§ Aim of the task
Where the data below shows a picture, leave that picture out and copy the rest exactly.

§ Given data
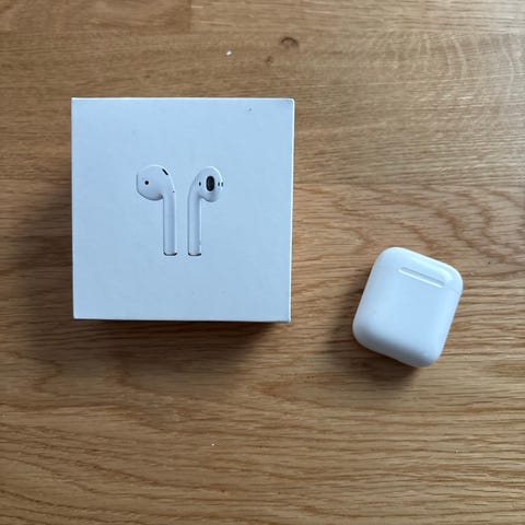 Apple AirPods langattomat nappikuulokkeet valkoisena. Mukana latauskotelo ja myyntipakkauksen osat kuvien mukaisesti. Kuulokkeet ovat Bluetooth-yhteensopivat Applen laitteiden kanssa ja toimivat myös muiden yhteensopivien laitteiden kanssa. Latauskotelo mahdollistaa kuulokkeiden lataamisen liikkeellä ollessa. Valkoinen muovinen kotelo ja kuulokkeet, varustettu Applen vakio-ominaisuuksilla kuten automaattinen yhdistyminen ja kosketusohjaus (mallista riippuen). TUU TARJOO <3
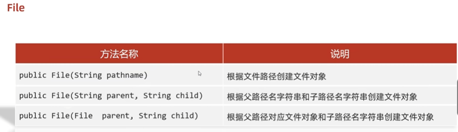 File对象就表示一个路径,可以是文件的路径,也可以是文件夹的路径 这个路径可以是存在的,也允许是不存在的 根据字符串表示的路径,变成File对象,这样就可以用File里面的方法了 父级路径,子级路径 绝对路径是带盘符的 相对路径是不带盘符的,默认到当前项目下去找
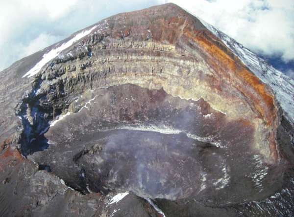 Кстати, на утверждение, что вулканы это горящие терриконы поступила критическое замечание, что терриконы не могут иметь внутри слоистую структуру как на фото:

§ Written response
 Apple AirPods langattomat nappikuulokkeet valkoisena. Mukana latauskotelo ja myyntipakkauksen osat kuvien mukaisesti. Kuulokkeet ovat Bluetooth-yhteensopivat Applen laitteiden kanssa ja toimivat myös muiden yhteensopivien laitteiden kanssa. Latauskotelo mahdollistaa kuulokkeiden lataamisen liikkeellä ollessa. Valkoinen muovinen kotelo ja kuulokkeet, varustettu Applen vakio-ominaisuuksilla kuten automaattinen yhdistyminen ja kosketusohjaus (mallista riippuen). TUU TARJOO <3
 File对象就表示一个路径,可以是文件的路径,也可以是文件夹的路径 这个路径可以是存在的,也允许是不存在的 根据字符串表示的路径,变成File对象,这样就可以用File里面的方法了 父级路径,子级路径 绝对路径是带盘符的 相对路径是不带盘符的,默认到当前项目下去找
 Кстати, на утверждение, что вулканы это горящие терриконы поступила критическое замечание, что терриконы не могут иметь внутри слоистую структуру как на фото:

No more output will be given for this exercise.